PS - I believe that the shade she's wearing is "rose"...

istockphoto_486067-rose-colored-glasses.jpg
 
Open Country - 01/01/2011

The River Thames was recently announced as the winner of an international environmental award. Helen Mark hears about the river's dramatic transformation.

The River Thames was recently selected as the winner of the international Theiss River Prize, an award which celebrates outstanding achievement in river management and restoration. Fifty years after being declared biologically dead, the Thames scooped the prize thanks to a dramatic turnaround in its environment. Environment organisations now say that the Thames is the cleanest it has been in more than 150 years, with almost 400 new habitats being created to allow wildlife back to the river which is now teeming with fish, and home to returning salmon, otter and sea trout populations. Helen Mark begins an exploration of the Thames at Woolwich in South East London with author, Iain Sinclair, who has described the river as a story of ruin and revival and the very lifeblood of London. Travelling west along the river to the Millennium Bridge, Helen meets up with Fiona Haughey. Fiona describes herself as an inter-tidal archaeologist and the river as one of the world's largest self-excavating sites and Helen joins her in a beachcombing search for some of the river's neolithic roots. Further along the river banks at Putney Bridge, Helen finds a group of volunteers from environmental charity, Thames 21. Led by Vic Richardson, the group are working on Project Habitat, an initiative to enhance certain areas of the River Thames by building artifical islands and river banks to encourage suitable habitats and attract wildlife. Leaving the city behind, Helen heads out into the Berkshire countryside where she meets Alastair Driver, conservation manager with the Environment Agency. Cycling along the river through Sonning-on-Thames, Alastair tells Helen how this particular stretch of water near his home now runs crystal clear in the summer and how sheer hard work along the whole of the Thames has resulted in this amazing clean-up story. Finally, Helen joins volunteer river warden, Dick Mayon White from the River Thames Society, a charity which aims to protect and preserve the river.
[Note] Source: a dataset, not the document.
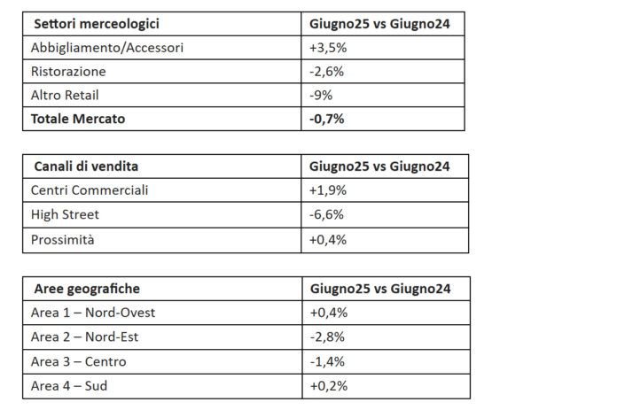 Quanto al raffronto gennaio-giugno rispetto allo stesso periodo 2024, i dati confermano un semestre che chiude a -1,9%. La nota positiva riguarda il comparto abbigliamento-accessori che ha tenuto meglio del previsto con -0,4%, la ristorazione flette a -1,9%, altro retail sprofonda a -5,4%.
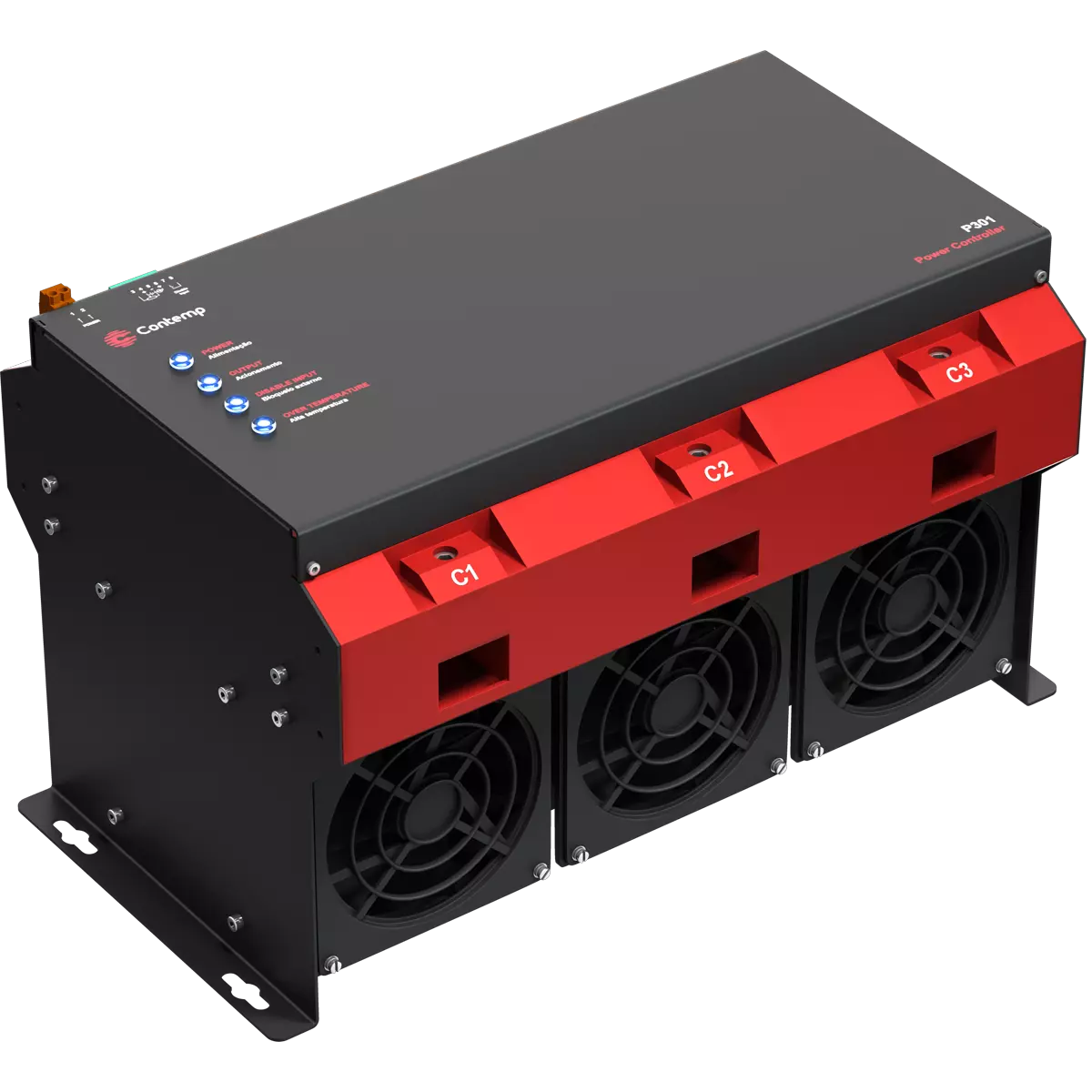 Montado em uma estrutura moderna e compacta, o P301 é equipado com sistema de refrigeração integrado (dissipadores + ventiladores) e barramentos de potência protegidos, garantindo segurança no manuseio e instalação, conforme as normas estabelecidas pela NR10.

Dick takes Helen for a stroll along a stretch of the river near Port Meadow and explains why it means so much to him and why it is so important to preserve the river for future generations.

* Broadcast on BBC Radio 4, 6:07AM Sat, 1 Jan 2011
* Available until 12:00AM Thu, 1 Jan 2099
* First broadcast BBC Radio 4, 6:07AM Sat, 1 Jan 2011
* Categories: Science & Nature
* Duration 27 minutes


http://www.bbc.co.uk/iplayer/episode/b00x2yn1/Open_Country_01_01_2011/
 
Paul, in essence I guess acclaim can be freely dolled out but it rather depends on your aspirations as to there worth and as the well deserved title; 'dirty man of Europe' implies our nation clearly has/had very low aspirations for the environment.
 
Then again if you have a historically poo-ed-upon population with both historic and continuing low aspirations and expectations, as this country does, you must not be surprised when a fair section of said population casually and thoughtlessly mires its own bed.